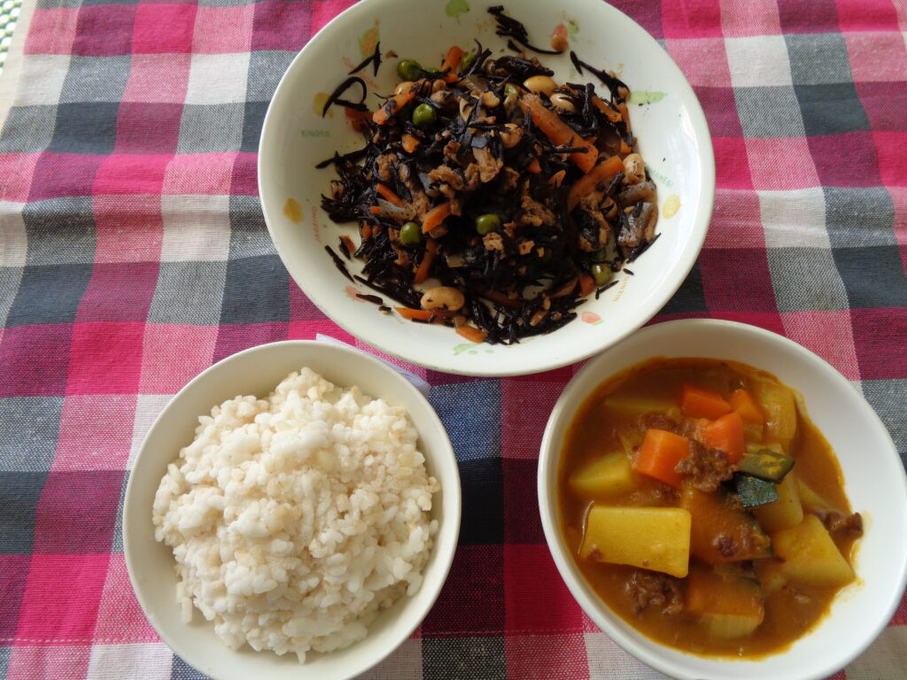 カレーシチューは子ども達に人気のメニューなのでいつもよく食べてくれています。今日は、園の畑で育てている大根の葉がたくさんとれたのでごま油と醤油で炒めて以上児さんのクラスに提供しています。
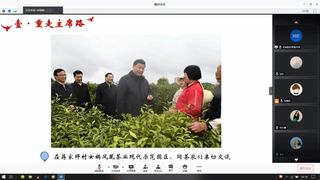 通过重走主席考察路,聆听习近平总书记的谆谆教诲,同志们既感受到习近平总书记对人民的亲切关怀、殷殷嘱托,也对“绿水青山就是金山银山”、“西迁精神”等有了更深刻的理解,更是意识到作为新时代大学生应当肩负起的时代使命与责任担当。陈依敏同志谈到,人与自然是生命共同体,经济发展决不能以破坏生态为代价;曹煦同志分享道,作为大学生,要在奋斗中追逐青春理想,砥砺“越是艰险越向前”的昂扬斗志;苗倩婧同志认为,践行爱国主义精神,我们应当始终坚持做到胸怀大局、心有大爱,切实肩负起新时代的历史使命;林俏伶同志表示,要不断强化思想理论武装,坚定理想信念,在党和国家需要的地方贡献青春力量;宋澳华同志提到,疫情期间新业态“无中生有”、传统产业“有中出新”,为防范化解经济下行压力提供了借鉴;王晓瀑同志说道,困难只会让我们变得团结,团结会让我们战胜困难;任洁同志则分享道,作为师大学子,要以“西部红烛精神”指引自己,为促进教育公平的事业贡献自己的力量。
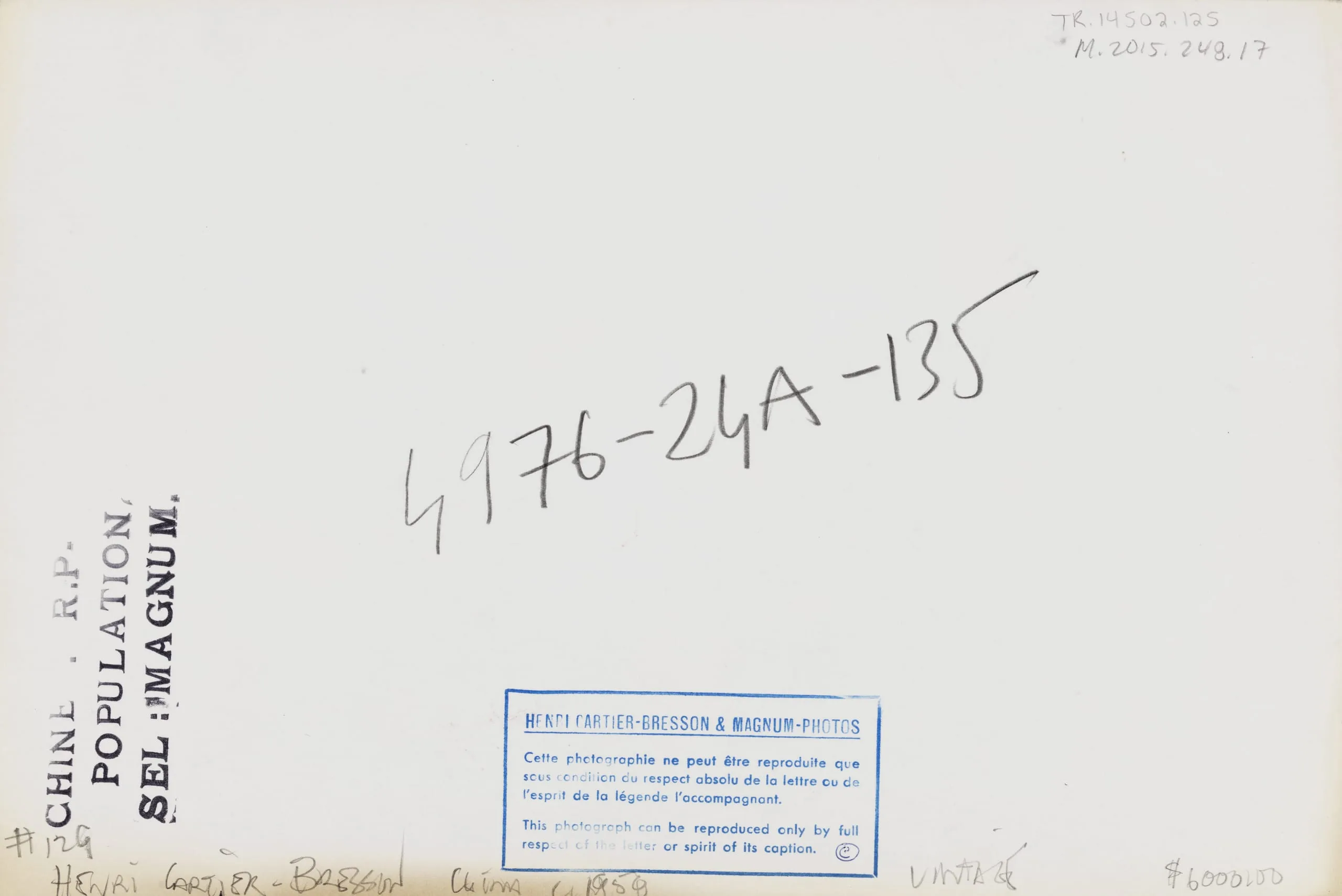 Verso of a gelatin silver print, showing handwritten annotation "4976-24A-135", a printed Magnum Photos copyright stamp, and penciled inscriptions in French and English along the bottom edge.
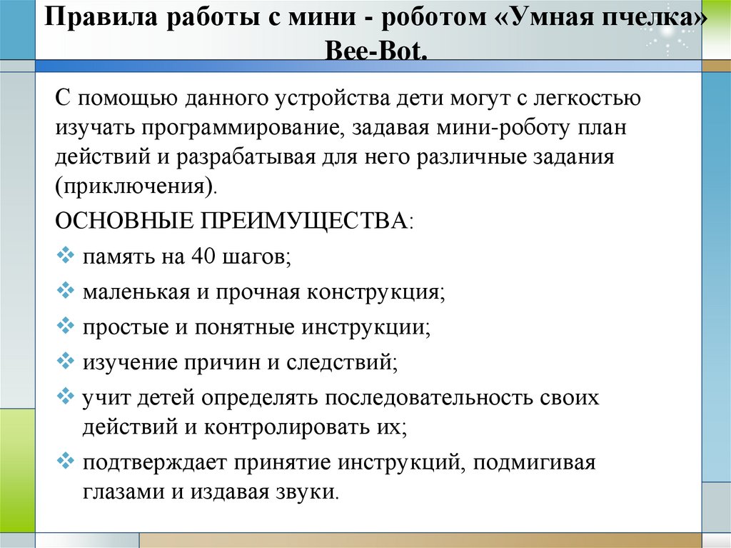 7. Правила работы с мини - роботом «Умная пчелка» Bee-Bot.
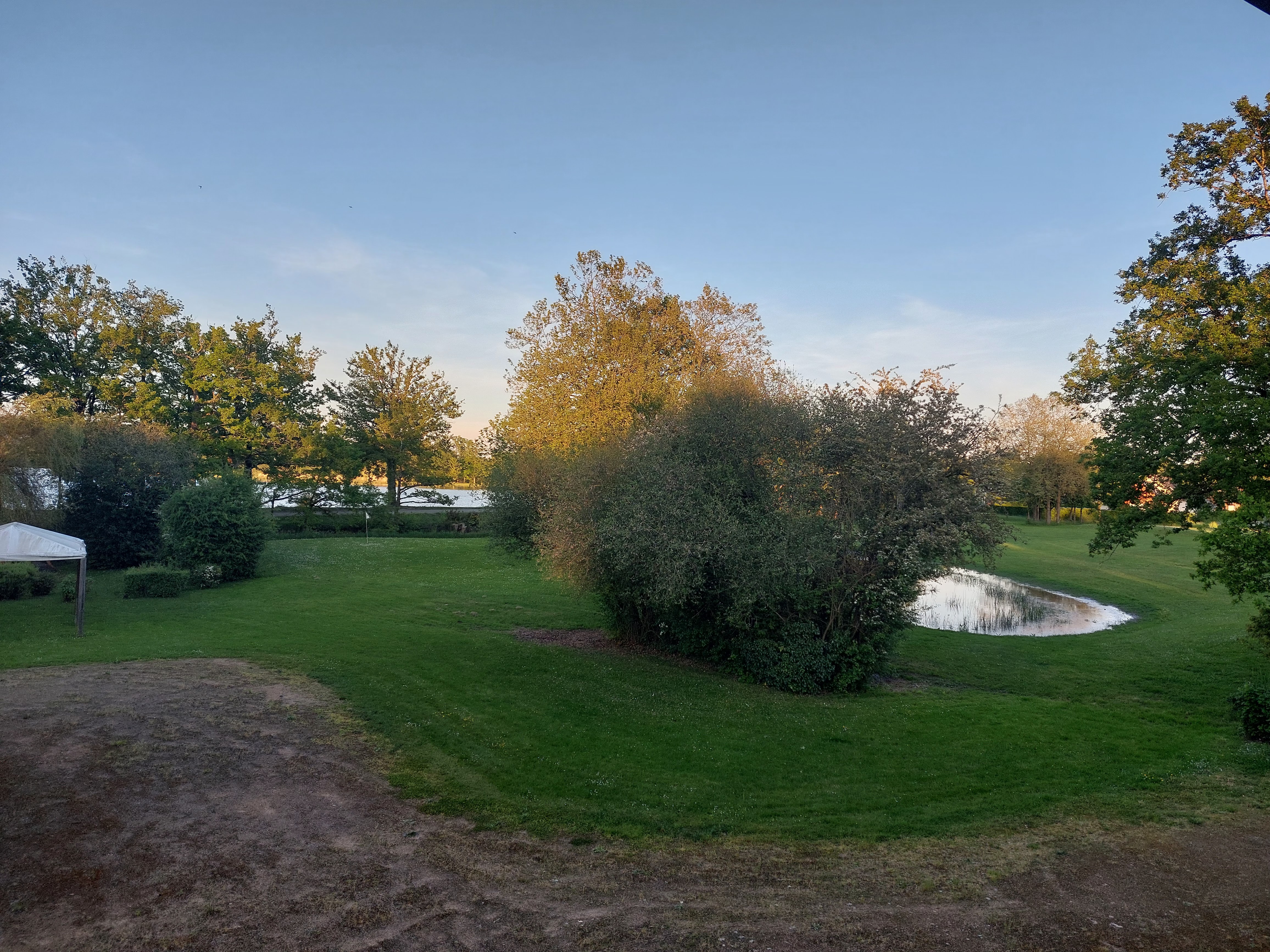 Lieu agréable. Repas en terrasse au bord de l étang. Viande excellente. Personnel très aimable. Belle piscine. Chambre avec grand lit. Très bon séjour.
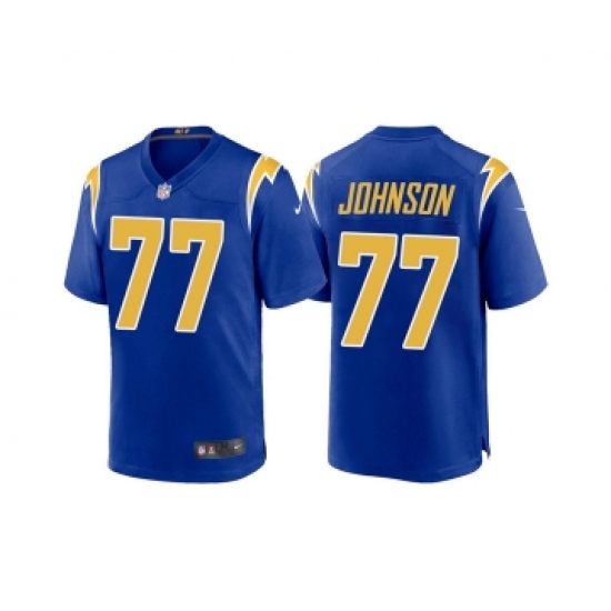 >Men's Los Angeles Chargers #77 Zion Johnson Royal Limited Stitched Jersey
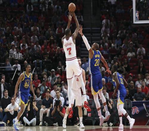 加時賽,火箭進(jìn)攻又打死了,波杰姆斯基連下5分勇士占據(jù)主動,阿門搶斷反擊兩罰一中,搶到前場籃板,杜蘭特三分命中,但勇士霍福德籃下強(qiáng)吃阿門得手。杜蘭特造三分犯規(guī)三罰兩中,梅爾頓補(bǔ)籃完成準(zhǔn)絕殺。追夢點(diǎn)球送杜蘭特罰球,杜蘭特又是兩罰一中葬送球隊。
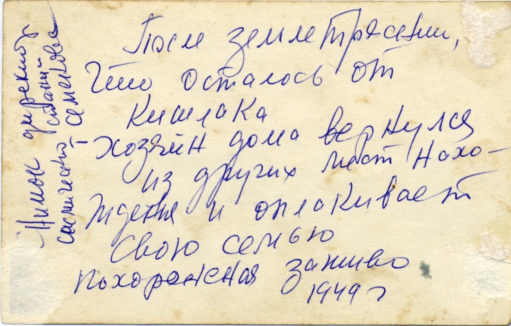 Катастрофа была такая, что погибло почти все население и Хаита, и близлежащих кишлаков. Сошлись два хребта, и все… Папка выжил, привез фотографии из этого ада. У меня есть пять из них – прямо с места событий! Папа рассказал — петух – единственное существо, оставшееся в живых в одном из кишлаков, где все и всё было погребено навсегда.
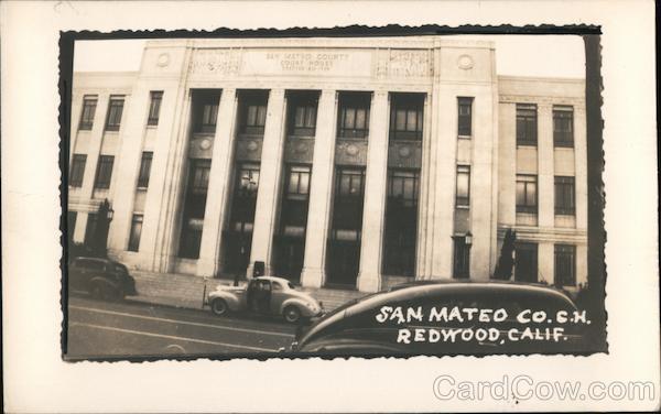 Front: SAN MATEO COUNTY COURT HOUSE ERECTED A D 1939 SAN MATEO CO.C.H. REDWOOD, CALIF. Back: H. B. ROOD PHOTO. POULTNEY, VT. کی OUPONT Defender
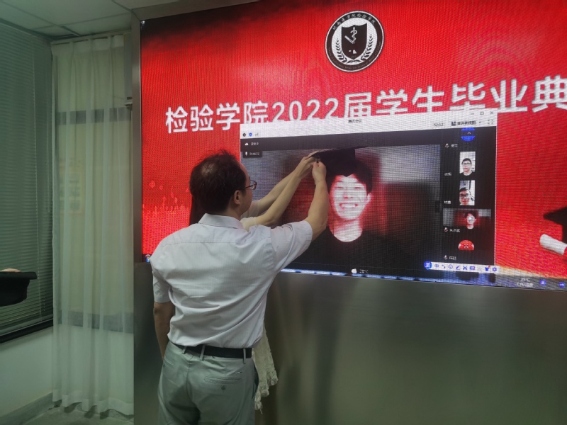 经理洪亮为毕业生进行线上拨穗
• • • • •
■ Prompt ■
Return all the entries word for word, but omit any pictures they contain.

■ Task response ■
 カレーシチューは子ども達に人気のメニューなのでいつもよく食べてくれています。今日は、園の畑で育てている大根の葉がたくさんとれたのでごま油と醤油で炒めて以上児さんのクラスに提供しています。
 通过重走主席考察路,聆听习近平总书记的谆谆教诲,同志们既感受到习近平总书记对人民的亲切关怀、殷殷嘱托,也对“绿水青山就是金山银山”、“西迁精神”等有了更深刻的理解,更是意识到作为新时代大学生应当肩负起的时代使命与责任担当。陈依敏同志谈到,人与自然是生命共同体,经济发展决不能以破坏生态为代价;曹煦同志分享道,作为大学生,要在奋斗中追逐青春理想,砥砺“越是艰险越向前”的昂扬斗志;苗倩婧同志认为,践行爱国主义精神,我们应当始终坚持做到胸怀大局、心有大爱,切实肩负起新时代的历史使命;林俏伶同志表示,要不断强化思想理论武装,坚定理想信念,在党和国家需要的地方贡献青春力量;宋澳华同志提到,疫情期间新业态“无中生有”、传统产业“有中出新”,为防范化解经济下行压力提供了借鉴;王晓瀑同志说道,困难只会让我们变得团结,团结会让我们战胜困难;任洁同志则分享道,作为师大学子,要以“西部红烛精神”指引自己,为促进教育公平的事业贡献自己的力量。
 Verso of a gelatin silver print, showing handwritten annotation "4976-24A-135", a printed Magnum Photos copyright stamp, and penciled inscriptions in French and English along the bottom edge.
 7. Правила работы с мини - роботом «Умная пчелка» Bee-Bot.
 Lieu agréable. Repas en terrasse au bord de l étang. Viande excellente. Personnel très aimable. Belle piscine. Chambre avec grand lit. Très bon séjour.
 >Men's Los Angeles Chargers #77 Zion Johnson Royal Limited Stitched Jersey
 加時賽,火箭進(jìn)攻又打死了,波杰姆斯基連下5分勇士占據(jù)主動,阿門搶斷反擊兩罰一中,搶到前場籃板,杜蘭特三分命中,但勇士霍福德籃下強(qiáng)吃阿門得手。杜蘭特造三分犯規(guī)三罰兩中,梅爾頓補(bǔ)籃完成準(zhǔn)絕殺。追夢點(diǎn)球送杜蘭特罰球,杜蘭特又是兩罰一中葬送球隊。
 Катастрофа была такая, что погибло почти все население и Хаита, и близлежащих кишлаков. Сошлись два хребта, и все… Папка выжил, привез фотографии из этого ада. У меня есть пять из них – прямо с места событий! Папа рассказал — петух – единственное существо, оставшееся в живых в одном из кишлаков, где все и всё было погребено навсегда.
 Front: SAN MATEO COUNTY COURT HOUSE ERECTED A D 1939 SAN MATEO CO.C.H. REDWOOD, CALIF. Back: H. B. ROOD PHOTO. POULTNEY, VT. کی OUPONT Defender
 经理洪亮为毕业生进行线上拨穗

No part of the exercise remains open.